In a Chat Politics interview Peter Hitchens was asked whether or not he thought it would be possible to build a right-wing alternative to the Conservative Party. He responded "Who says it'll be right-wing?" Of course, this kind of response is symptomatic of the very view he takes of the prime oscillation of UK politics between Labour and Conservative. He often eschews the label of 'right-wing' for himself, preferring the title of Burkean conservative. It's evident that he sees the left-to-right spectrum as a defunct measure of politics and yet he never strays away from bashing what he calls 'the Left'.
"The left's real interests are moral, cultural, sexual and social," he insists in one of his columns. "They
lead to a powerful state. This not because they actively set out to
achieve one." Not surprisingly, the way he frames left-wing politics really comes from the position he takes on cultural and socio-moral issues. "It is because the left's ideas –
by their nature – undermine conscience, self-restraint, deferred
gratification, lifelong marriage and strong, indivisible families headed
by authoritative fathers."
As a former Trotskyite, Peter Hitchens remains within the bootprint of twentieth century leftism, bemoaning the cultural revolution of the 1960s, yearning for a revival of the traditions and social norms it killed. He's wrong on almost all cultural and social issues, but he's right that the problem, for people like him, isn't just the Left - it's Thatcherism too. Fortunately, it is too late to turn back the clock on the progress achieved in our attitudes to sexuality, gender and race. The malaise of the reactionary press is really down to this harsh reality.
5 comments:
I have responded here http://hitchensblog.mailonsunday.co.uk/2014/12/left-wing-person-nearly-says-something-interesting.html
I'm an avid reader of Hitchens and an admirer of his, thank you for this thoughtful article.
Your point regarding the reactionary press and their "malaise" is well made, although having a cyclical view of history (as opposed to a Whiggish or a Progressive one), your concept of it being "too late" to turn back the clock seems dull and shortsighted.
We are a declining civilization in many ways, eventually dire need and the rule of parsimony will see us revert to more efficient modes of social organization, I think. Our current arrangements are those of a practically post scarcity variety, as is the entire Progressive mindset, in my opinion.
The cycle never ends though.
Once again, thank you for this piece, Mr White.

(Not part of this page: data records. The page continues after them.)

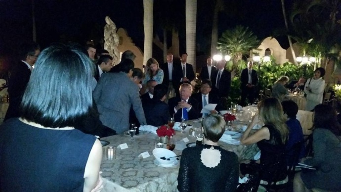 該報道也說,通常這類談話應閉門進行且秘而不宣,沒想到特朗普在佛羅里達州“馬阿拉歌”(Mar-a-Lago)私人俱樂部的成員卻近距離用照相機就能拍攝下來。
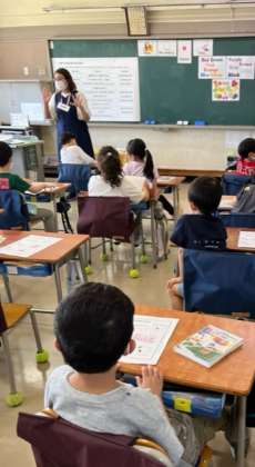 英語で挨拶したり、自己紹介をしたり、音楽も交えて楽しく活動しました。 -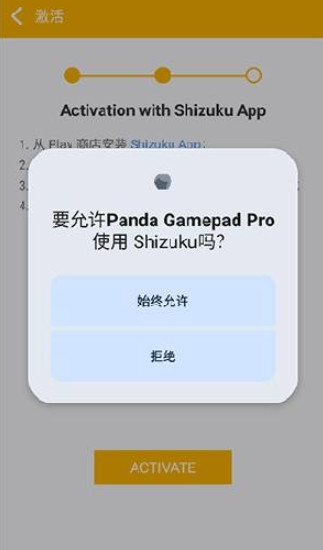 2、非 root 设备需先下载并启动 Shizuku 软件,可通过无线调试、ADB 等方式激活 Shizuku,再打开 Panda Gamepad Pro 点击【需要激活】;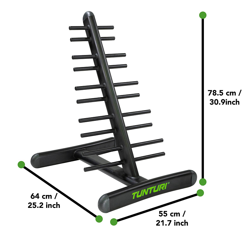 S tímto stojanem na činky Tunturi se vám již nebudou činky povalovat. Stabilní a pevný stojan pojme deset párů vinylových nebo neoprenových činek a je opatřen práškovým lakem, který zabraňuje poškození stojanu i činek.
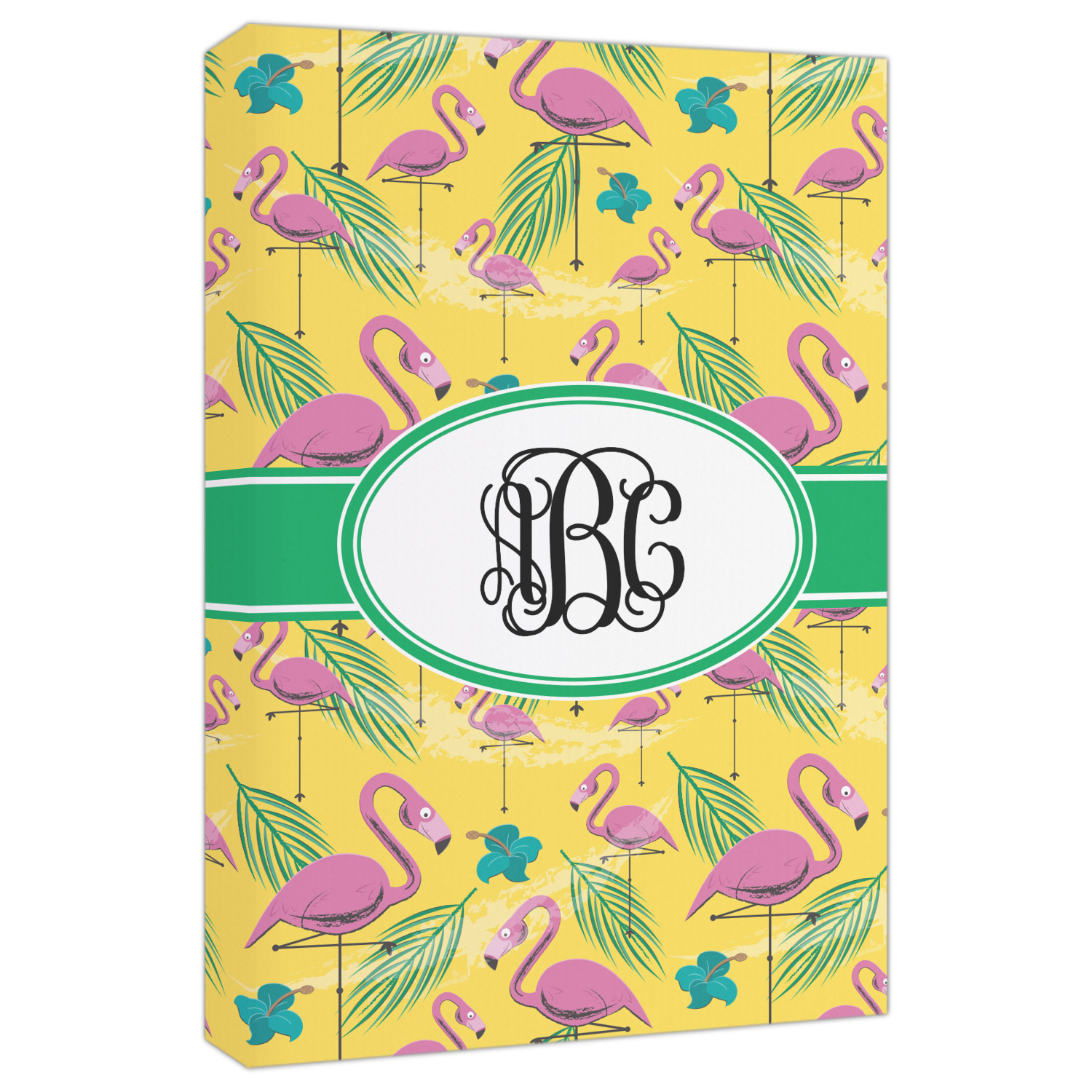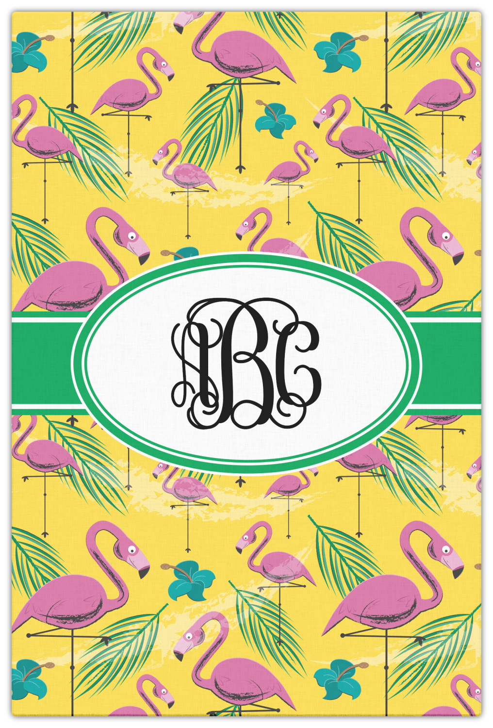 The idyllic tropical vacation includes palm trees, flirty flowers, and flamingos. This design encompasses all these things and more, on a bright yellow background with sand sprawled carefully throughout.

I think there is room for quiet respect between political opposites.
Why is he wrong on social and cultural issues? Please make a coherent argument.
The commas enclosing "to which he adheres" should not be there because it is a restrictive clause in the sentence.
Thanks for the comments. I enjoyed reading your response, Peter. I'll be sure to send you my follow-up piece shortly.
To the rest of you, I'm glad to see agreement that there can be respect in oppositional politics. I never said history runs in one direction, progressively, my view is that its path is anfractuous and dialectical. I've criticised the variety of historical progressivism preached by Whig liberals plenty of times(google for more detail!).
David, I didn't set out to produce a critique of Peter Hitchens. On the contrary, it was a piece on why Hitchens stands out from the crowd. But I'll include criticism in my next article.
Thanks for the grammatical advice, I often miss out on such issues.